E.  Why Isn’t the Figure for National Health Expenditures Equal to 18% of GDP? 

An earlier post in this blog in the series on health reform stated that the US has been spending close to 18% of GDP on health care.  This was 50% more than the second highest spending OECD country (the Netherlands) and close to double the average spent of all OECD countries.  The figures were for 2011 and came from the then current OECD data for the US and other OECD countries (close to, but not quite the same as, the national health expenditure totals from the CMS for the US).  Why are the figures for the US now at 17.4% of GDP in 2011, as well as since?

The US health expenditure numbers have in fact not changed.  They are still expected to total $3 trillion in 2014.  The reason for the difference (aside from round-off:  they were a bit below 18% in the earlier numbers) is that the estimate of the denominator in the health expenditures to GDP ratio has changed.  In the summer of 2013, the BEA revised its methodology for estimating GDP, as it periodically does.  While there were several changes, the one with the largest impact was to revise the treatment of research and development expenditures.  The BEA had before treated such expenditures as what economists call an intermediate product (a good which is immediately used up as goods are produced, much like coking coal is used up in the production of steel).  They decided it was more appropriate to treat them as an investment product, which will last for several years (depreciating over time).  This was purely a methodology change.  But the effect was to revise estimated GDP up by about 3 to 3 1/2% in recent years.  This was not just applied to the GDP figures of recent years, but rather to the full GDP series going all the way back to 1929.  Hence the year to year growth rates were largely unaffected.

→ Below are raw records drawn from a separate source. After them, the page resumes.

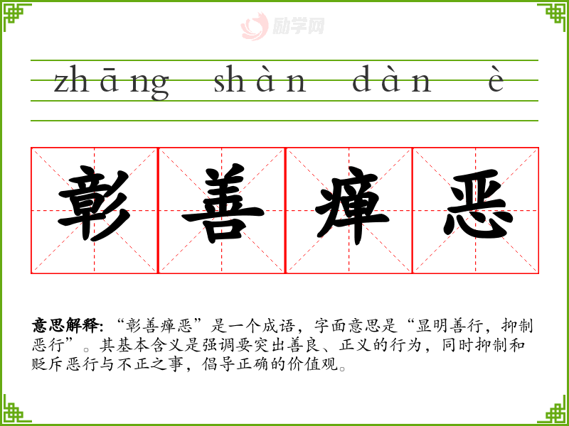 - 反义成语:助长恶势、纵容邪恶。反映了与“彰善瘅恶”相对的消极行为和态度。
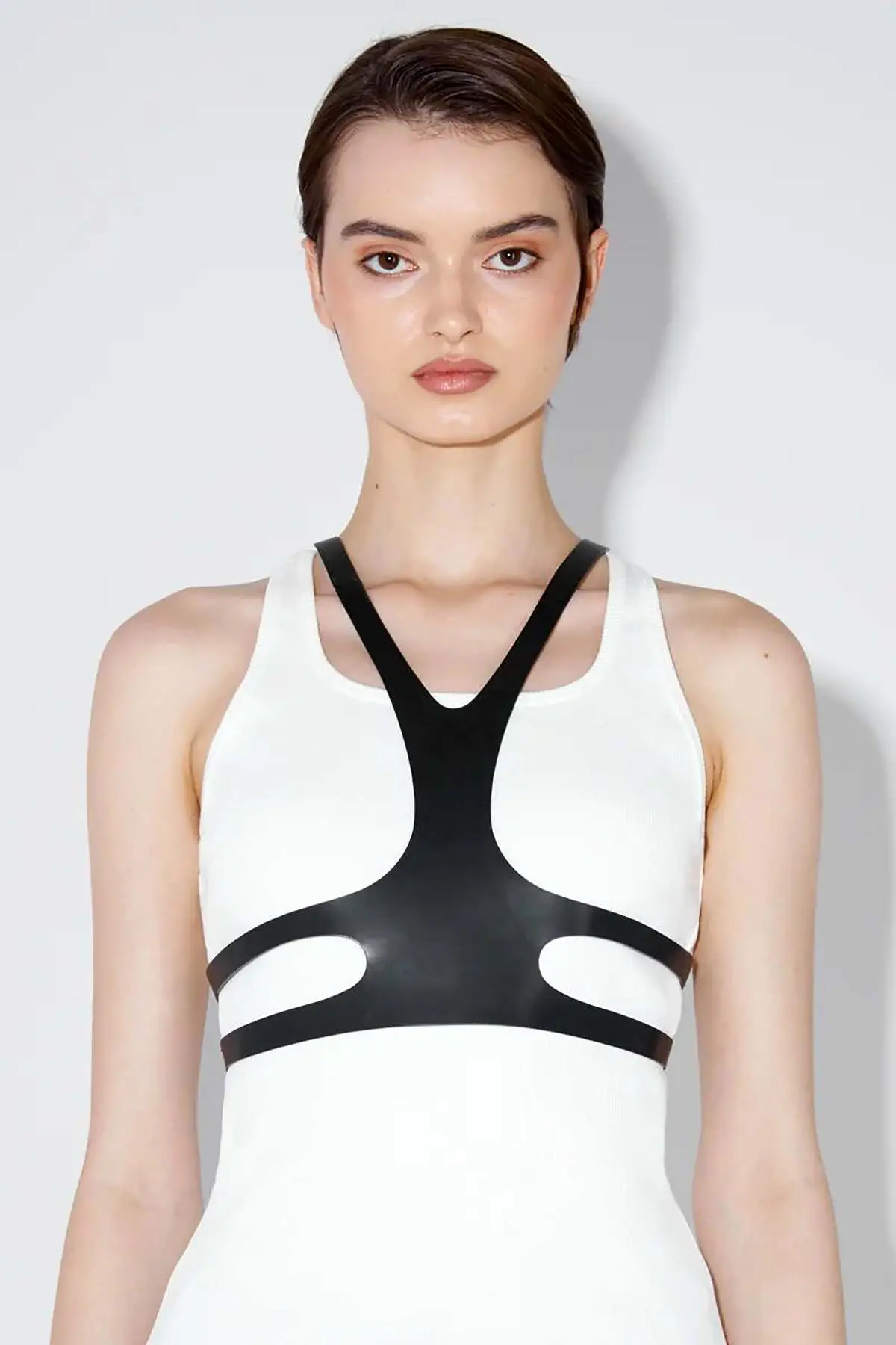Whether you are enhancing a minimalist outfit or completing a daring **bondage gear** look, the thick, adjustable straps on this piece guarantee a secure and comfortable fit, even during extended wear. This versatile **chest harness** moves seamlessly from the bedroom to the club, instantly transforming any outfit into a high-fashion, high-impact look. It’s an essential addition to any curated collection of **Women’s Harness** items, providing unparalleled structure and aesthetic appeal. Pair it with an item from our **Chest Harness** category for a coordinated, powerful ensemble.
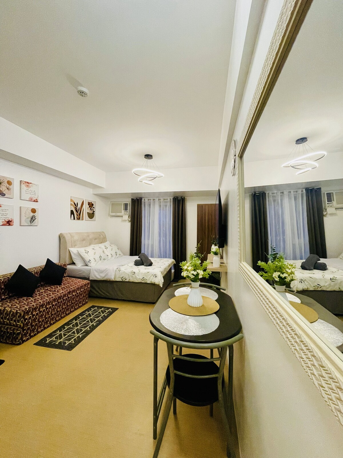 Zažij městskou eleganci v The Loop Towers v Cagayan de Oro! Náš útulný studio je ideální pro sólo cestovatele nebo páry a nabízí chytré uspořádání a moderní design. Užij si dostatek přirozeného světla, pohodlnou postel a plně vybavenou kuchyň. Nachází se v samém centru města se snadným přístupem do obchodů, restaurací a k pracovním centrům. Užij si nonstop zabezpečení pro klid na duši. Ideální pro pobyt s Wi-Fi a Netflixem.

But a denominator which is now larger will lead to a health expenditure share in GDP which is lower.  By simple arithmetic, a share of 17.9% of GDP will fall to 17.4% of GDP if GDP is estimated to be 3% higher than before.

F.  Conclusion

Health care costs stabilized during Obama’s tenure, with health care costs as a share of GDP now flat (in both constant and in current prices) in contrast to the big increases (in current prices) before.  This has not come at the expense of falling availability or use of health care services.  They have continued to grow throughout his presidency, and especially since 2010.

Looking forward, 2014 may be different.  The Obamacare insurance reforms came into effect in 2014, and have reduced the ranks of the uninsured by more than 10 million Americans.  The share of the population without any health insurance fell by over 30%.  The newly insured are likely to make greater use of regular health care services in 2014, especially by those who previously had conditions which had been left untreated due to an inability to pay before.  However, this may be offset by fewer emergency room admissions by those who previously had no other option, where emergency room care is an especially expensive way to deliver health care services.

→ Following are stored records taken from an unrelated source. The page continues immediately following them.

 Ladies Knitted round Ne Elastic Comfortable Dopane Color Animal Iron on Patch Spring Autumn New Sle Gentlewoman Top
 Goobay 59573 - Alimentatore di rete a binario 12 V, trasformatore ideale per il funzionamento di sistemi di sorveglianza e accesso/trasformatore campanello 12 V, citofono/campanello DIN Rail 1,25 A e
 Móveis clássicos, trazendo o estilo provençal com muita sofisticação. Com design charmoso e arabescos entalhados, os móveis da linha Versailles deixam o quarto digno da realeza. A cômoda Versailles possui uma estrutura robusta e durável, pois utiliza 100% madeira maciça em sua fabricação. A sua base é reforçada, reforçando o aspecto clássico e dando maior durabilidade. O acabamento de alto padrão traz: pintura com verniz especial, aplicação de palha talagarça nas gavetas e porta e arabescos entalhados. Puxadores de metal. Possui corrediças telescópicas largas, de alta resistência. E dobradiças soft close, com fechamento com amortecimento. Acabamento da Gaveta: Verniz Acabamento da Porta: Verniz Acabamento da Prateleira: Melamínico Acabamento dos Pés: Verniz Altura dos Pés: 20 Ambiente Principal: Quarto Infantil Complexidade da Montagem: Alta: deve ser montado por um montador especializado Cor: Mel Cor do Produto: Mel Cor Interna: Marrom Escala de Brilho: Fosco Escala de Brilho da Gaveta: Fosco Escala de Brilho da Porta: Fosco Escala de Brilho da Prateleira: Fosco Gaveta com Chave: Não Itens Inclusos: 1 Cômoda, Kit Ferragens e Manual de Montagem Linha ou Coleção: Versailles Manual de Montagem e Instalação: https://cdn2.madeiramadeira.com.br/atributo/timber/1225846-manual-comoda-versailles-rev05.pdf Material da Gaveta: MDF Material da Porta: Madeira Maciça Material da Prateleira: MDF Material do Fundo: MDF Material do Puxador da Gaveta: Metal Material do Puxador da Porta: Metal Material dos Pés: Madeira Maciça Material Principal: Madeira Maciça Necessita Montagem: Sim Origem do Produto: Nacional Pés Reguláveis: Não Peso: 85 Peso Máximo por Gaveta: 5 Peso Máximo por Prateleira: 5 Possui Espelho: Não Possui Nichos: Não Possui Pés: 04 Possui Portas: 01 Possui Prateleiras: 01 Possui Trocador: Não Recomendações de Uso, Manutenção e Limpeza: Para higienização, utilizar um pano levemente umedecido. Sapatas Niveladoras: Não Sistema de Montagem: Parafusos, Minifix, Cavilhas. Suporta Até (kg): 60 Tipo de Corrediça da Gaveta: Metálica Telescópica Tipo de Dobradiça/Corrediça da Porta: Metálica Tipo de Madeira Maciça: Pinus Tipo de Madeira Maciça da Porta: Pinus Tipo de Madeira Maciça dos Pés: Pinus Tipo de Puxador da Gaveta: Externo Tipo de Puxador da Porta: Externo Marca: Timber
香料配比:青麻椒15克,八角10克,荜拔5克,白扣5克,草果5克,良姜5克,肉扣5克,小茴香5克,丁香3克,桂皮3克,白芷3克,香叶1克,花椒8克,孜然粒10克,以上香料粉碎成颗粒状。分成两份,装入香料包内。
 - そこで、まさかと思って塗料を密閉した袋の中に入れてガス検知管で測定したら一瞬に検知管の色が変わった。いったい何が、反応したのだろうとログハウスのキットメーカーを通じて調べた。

It is not clear what the net effect will be.  Preliminary quarterly GDP data (for the first three-quarters of 2014) do not show a rise in the share for personal consumption of health care (there was a growth in real terms similar to the growth in real GDP).  But these numbers are still early and preliminary.  And the full national health expenditure numbers for 2014 will not be out until next December.

But so far, health expenditures as a share of GDP have stabilized under Obama, and the preliminary indication is that this is continuing in 2014.  This is a major achievement.  But they have stabilized at what is still a very high share of GDP, far higher than what is spent on health in other OECD countries.  Much more aggressive and fundamental reform will be necessary to bring the share down to the far lower levels of what other countries spend, and yet obtain  health outcome results that are similar to or better than the outcomes in the US.